Alors soit, on cède, à peine réjouit par la limitation à trois bouteilles, mais trépignant une fois le pas franchi d’annoncer la nouvelle! «J’ai de la Spencer! De la Spencer nom de…!» Un peu la même joie que lorsque l’AIT aime nos articles sur Facebook. Le sentiment d’avoir déjà un peu réussi sa vie. Celui qui vous anime lorsqu’on vous tend votre permis alors que vous avez franchi deux lignes continues ou que vous lisez votre nom dans les reçus d’un concours passé dix fois. Ce sera fugace, mais c’est bon.

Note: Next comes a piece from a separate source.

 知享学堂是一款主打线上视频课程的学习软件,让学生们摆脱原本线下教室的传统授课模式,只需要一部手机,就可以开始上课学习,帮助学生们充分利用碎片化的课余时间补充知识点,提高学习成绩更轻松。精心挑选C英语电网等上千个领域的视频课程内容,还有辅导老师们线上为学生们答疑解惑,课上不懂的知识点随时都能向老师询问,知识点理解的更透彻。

Et c’est cette euphorie passagère qui vous fait renier tout ce que vous pensiez défendre. Vous êtes à deux doigts d’acheter une caisse de Chimay bleue, juste parce que l’abbaye a réédité les bouteilles originales de 1956, la capsule permettant seule de différencier les breuvages. Quelles canailles ces moines de Scourmont. Çà va qu’ils font vivre une région des Ardennes à eux seuls…

Mais bon, à 40 euros la caisse, pour au final la ramener et récupérer 10 centimes de consigne par canette, la raison s’impose tout de même. Nous craquons toutefois sur la seconde nouveauté Chimay. Une Grande Réserve 2015 élevée en fûts de bois. La bouteille coûte là encore de quoi faire vivre la communauté de Scourmont pendant une année entière, réveillons compris, sauf que là c’est vraiment nouveau.

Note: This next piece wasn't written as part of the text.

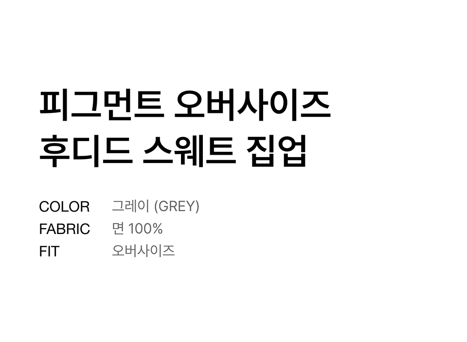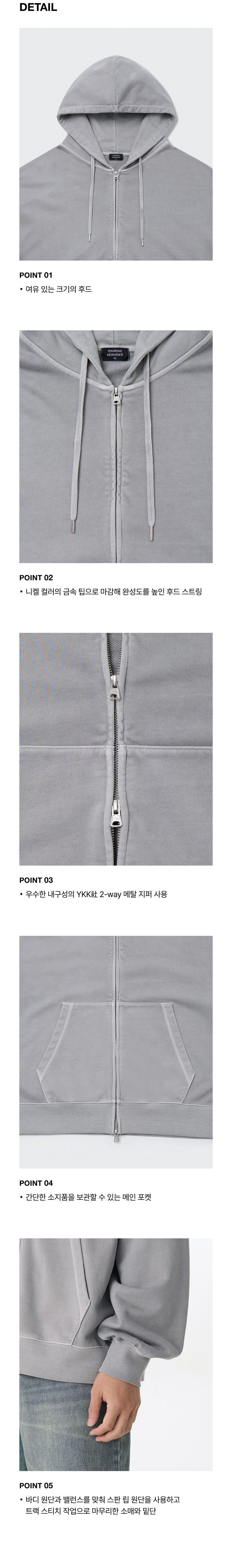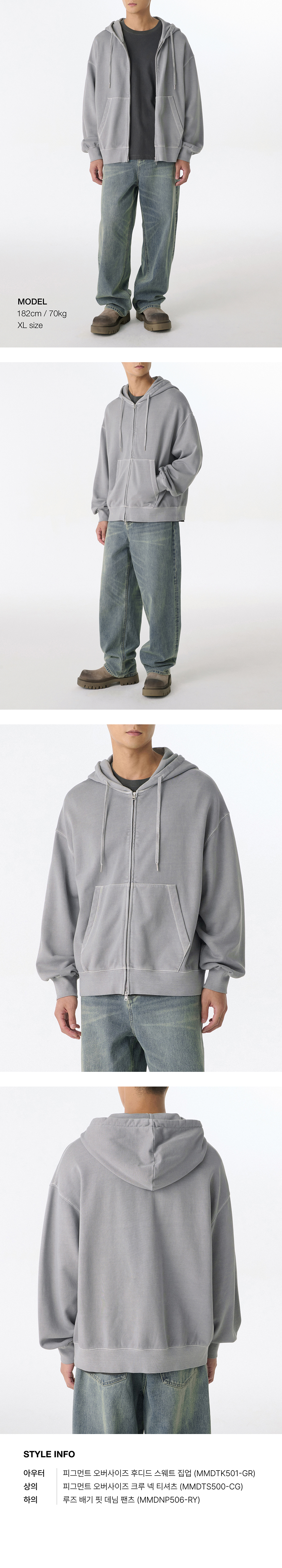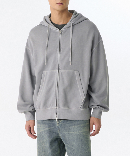 피그먼트 오버사이즈 후디드 스웨트 집업 [그레이]

Alors que valent ces bières? Ces nouvelles trappistes?

Elles sont évidemment très différentes.

Spencer

La Spencer est trouble, sa mousse est bien dense même si elle ne tient pas dans le verre calice recommandé. Au nez on trouve la levure fraîche, elle rappelle alors un peu la Westvleteren 6. En bouche elle est légère, l’amertume est marquée en entrée, c’est cette fois l’Orval qui vient à l’esprit. Mais ensuite elle laisse peu de saveur, développe peu d’identité et s’efface très vite des papilles.

Bref, dit autrement :

«C’est une bière à boire après avoir monté un mur de parpaings en plein soleil.»

«C’est idéal à la pression dans un mariage pour picoler toute la nuit.»

Vous commencez à cerner le produit?

Rien à voir en tout cas avec la Chimay grande réserve élevée en fûts de bois.

chimay fut-1

Au nez on est sur du vieux champagne, de la banane. On retrouve un peu cette dernière au goût. C’est rond, très nourrissant, et finalement on s’oriente plutôt sur des arômes de vieux rhum un peu vanillé.

Plus clair?

«C’est une alternative très crédible à la plupart des digestifs que contient votre bar.»

«Boire la bouteille seul au petit-déjeuner permet de s’abstenir tranquillement de tout repas les 24 heures suivantes.»

Une blonde très agréable donc mais qui manque un peu de caractère, et une brune originale et à la saveur très prononcée mais rapidement un peu écœurante.

Au point où nous en sommes alors, maintenant goûtons les toutes!

Il nous reste une ou deux autrichiennes inconnues, mais nous les savons à portée de clic.

Et puisqu’il suffit apparemment d’en parler pour voir nos vœux s’exaucer, nous rappelons ici que nous ne savons toujours pas comment nous procurer des Tre Fontane.

De toute façon, il restera forcément toujours des découvertes à faire et des bières dont rêver. 160 abbayes trappistes disséminées dans le monde ne brassent pas encore.

Mais il se dit que deux seraient sur le point de passer à l’acte.